***** Information provided *****
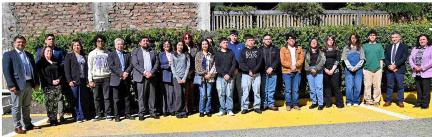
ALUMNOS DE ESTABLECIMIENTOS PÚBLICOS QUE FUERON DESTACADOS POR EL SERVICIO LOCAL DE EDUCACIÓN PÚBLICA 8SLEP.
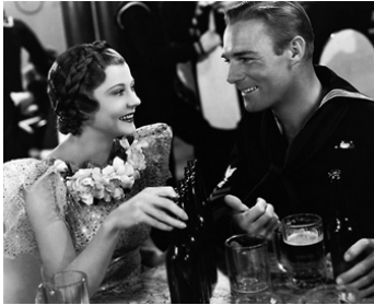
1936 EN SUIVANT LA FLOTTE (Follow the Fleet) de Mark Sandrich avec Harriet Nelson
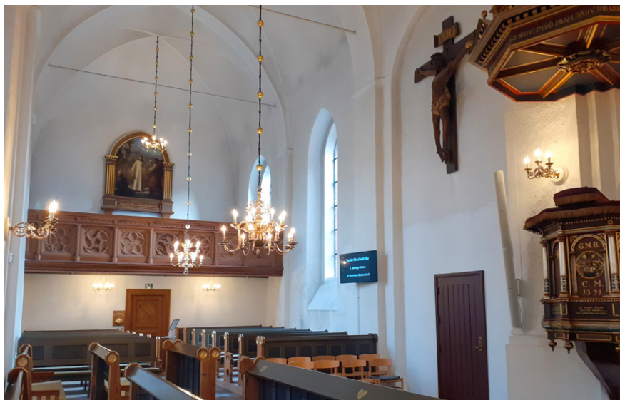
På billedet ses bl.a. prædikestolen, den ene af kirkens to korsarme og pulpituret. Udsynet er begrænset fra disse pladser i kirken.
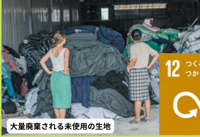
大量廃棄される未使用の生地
*****
## What to do
Output the listing above in full and exactly, with pictures excluded.

## Expected output
ALUMNOS DE ESTABLECIMIENTOS PÚBLICOS QUE FUERON DESTACADOS POR EL SERVICIO LOCAL DE EDUCACIÓN PÚBLICA 8SLEP.
1936 EN SUIVANT LA FLOTTE (Follow the Fleet) de Mark Sandrich avec Harriet Nelson
På billedet ses bl.a. prædikestolen, den ene af kirkens to korsarme og pulpituret. Udsynet er begrænset fra disse pladser i kirken.
大量廃棄される未使用の生地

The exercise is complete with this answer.